So here I have 3 tree-related questions.
1) Let $n\geq2$ and let $d_1 ≤d_2 ≤···≤d_n$ be a sequence of integers. Show that there is a tree with degree sequence $d_1,d_2,...,d_n \Leftrightarrow \sum d_i =2n−2.$
2) Let $T$ be a tree with $n$ vertices. Assume each vertex of T has degree 1 or $d$ (for some $d > 1$). Find a formula for the number of vertices of degree 1 in $T$.
3) Let $G$ be a binary tree (a rooted tree in which every vertex has at most two children) with $t$ leaves. How many vertices of degree 3 does $G$ have?
Progress with 1: One implication is simple by the Handshake Lemma. The other is a bit more tricky. I found that the sum of the edges, $| E |$ is $\frac{2n-2}{2} = n - 1 = |V| - 1$ by the Handshake Lemma. But I cannot see a clear way of showing that the graph is connected and thus a tree.
Progress with 2: I can't see a clear path forward with this at all. All I know is that the number is at least 2, as the graph is a tree, but I assume I am looking for a number related to $n$ and $d$ rather than bounds...
Progress with 3: Just noticed a few facts. Each binary split gives rise to a vertex of degree 3, and the least height of the binary tree before we have $t$ leaves is $\lceil{log_2(t)}\rceil$.Assuming all splits are binary, level $i$ would give rise to $2^i$ vertices of degree 3 and the total sum of these would be at most $\displaystyle\sum_{i=1}^{\lceil log_2(t)\rceil} 2^i$. I think...
Thank you for your continued help, stackexchange!
Some HINTS:
In the first problem you can use induction on $n$. Let $d_1\le d_2\le\ldots\le d_n$ be a sequence of positive integers such that $$\sum_{i=1}^nd_i=2n-2\;.$$ First note that if $\sum_{i=1}^nd_i=2n-2$, then $d_1=1$, and $\sum_{i=2}^nd_i=2n-3$. And $2(n-1)>2n-3$, so we must also have $d_2=1$ and hence $\sum_{i=3}^nd_i=2n-4$. We now have $n-2$ integers, $d_3,\ldots,d_n$, whose sum is $2(n-2)$, so either $d_3=\ldots=d_n=2$, or $d_n>2$.

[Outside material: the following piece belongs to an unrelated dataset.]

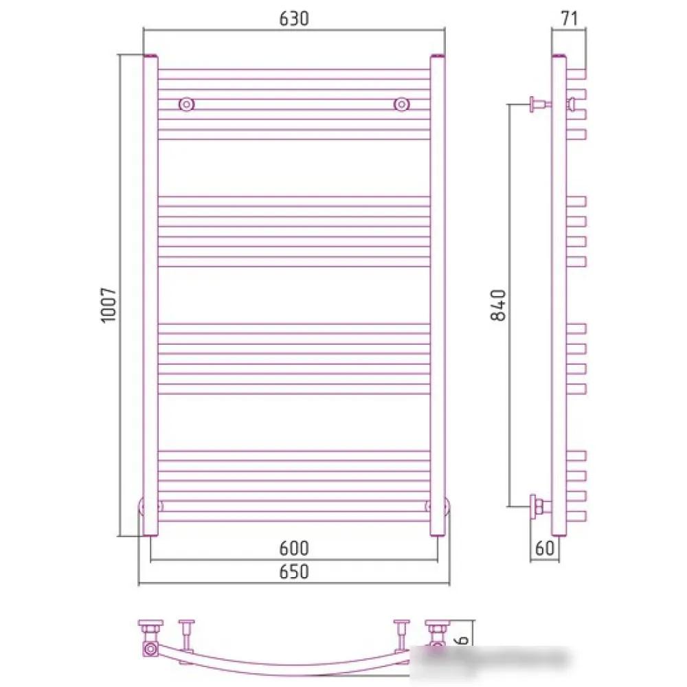 | Подключение | боковое, нижнее, диагональное |

In the second problem suppose that $T$ has $\ell$ leaves and $n-\ell$ vertices of degree $d$; then the sum of the degrees of the vertices of $T$ is $\ell+d(n-\ell)$. On the other hand, this sum must be twice the number of edges, and $T$ has $n-1$ edges, so $\ell+d(n-\ell)=2n-2$. Now just solve for $\ell$ in terms of $d$ and $n$.
In the third problem suppose that $v$ is a vertex of degree $2$ other than the root; then $v$ has a parent $u$ and a single child $w$. We can remove $v$ and make $w$ a child of $u$ without changing the number of leaves or the number of vertices of degree $3$. Repeating this process a finite number of times leaves us with a tree $G'$ whose vertices are either leaves, vertices of degree $3$, or the root. Moreover, $G'$ still has $t$ leaves, and it has the same number of vertices of degree $3$ as $G$. Let $m$ be the number of vertices of degree $3$. Then either the root has two children, in which case $G'$ has $t+m+1$ vertices, or it has only one child, in which case it’s a leaf, and $G'$ has $t+m$ vertices. In each case you know how many vertices $G'$ has of each possible degree, so you can use the same kind of analysis as in the second problem to compute $m$ in terms of $t$.